- [Source data]
※ ※ ※

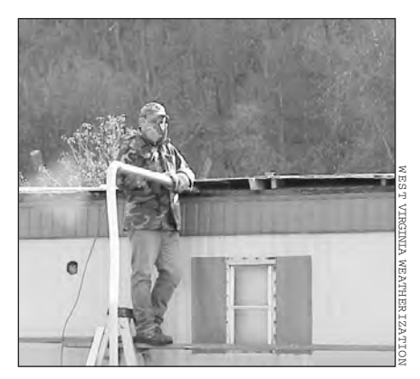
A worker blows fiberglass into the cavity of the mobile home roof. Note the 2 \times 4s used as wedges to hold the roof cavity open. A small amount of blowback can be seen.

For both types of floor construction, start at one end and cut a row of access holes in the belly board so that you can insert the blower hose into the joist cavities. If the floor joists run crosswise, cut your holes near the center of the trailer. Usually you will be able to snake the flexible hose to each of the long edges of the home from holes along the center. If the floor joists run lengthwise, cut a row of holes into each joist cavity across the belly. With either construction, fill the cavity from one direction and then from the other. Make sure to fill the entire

※ ※ ※

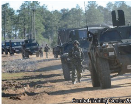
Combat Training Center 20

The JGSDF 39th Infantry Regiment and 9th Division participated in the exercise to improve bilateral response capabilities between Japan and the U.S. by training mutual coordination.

※ ※ ※

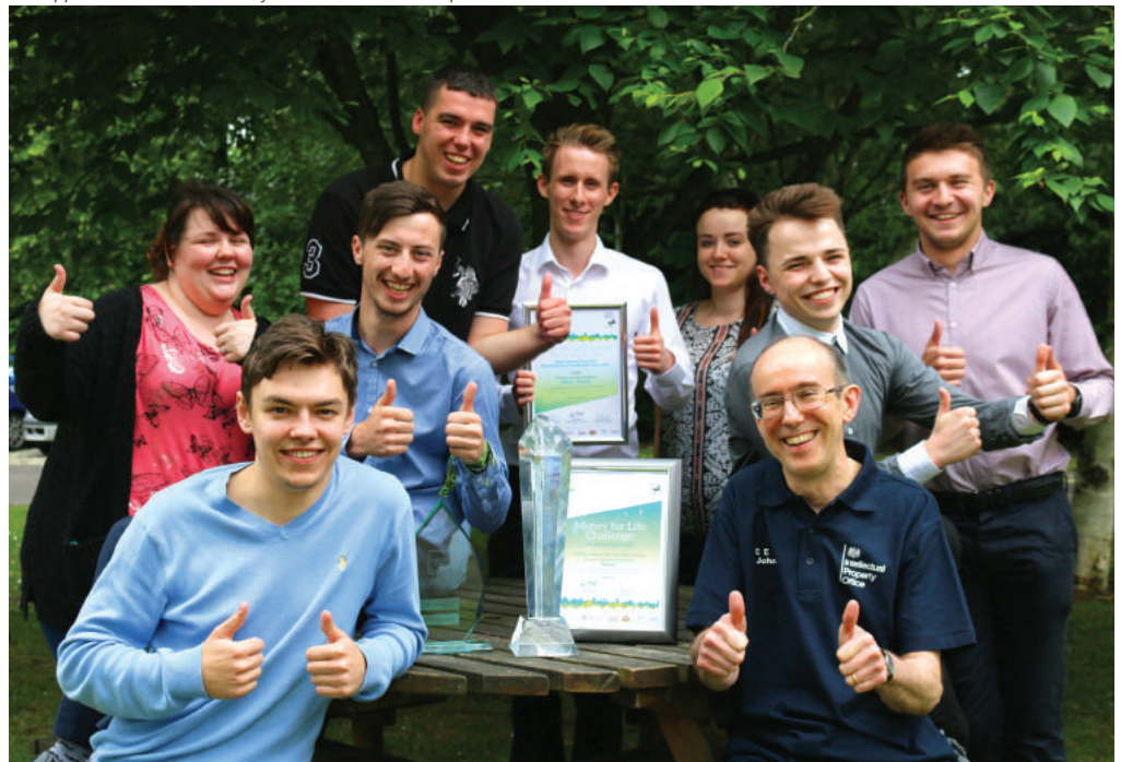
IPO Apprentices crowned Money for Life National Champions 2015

※ ※ ※

- [What the task requires] In the listing above, find the line with "Combat Training Center 20" and the line with "The JGSDF 39th", then print exactly those lines and every line between them.

- [Answer box]
Combat Training Center 20

The JGSDF 39th Infantry Regiment and 9th Division participated in the exercise to improve bilateral response capabilities between Japan and the U.S. by training mutual coordination.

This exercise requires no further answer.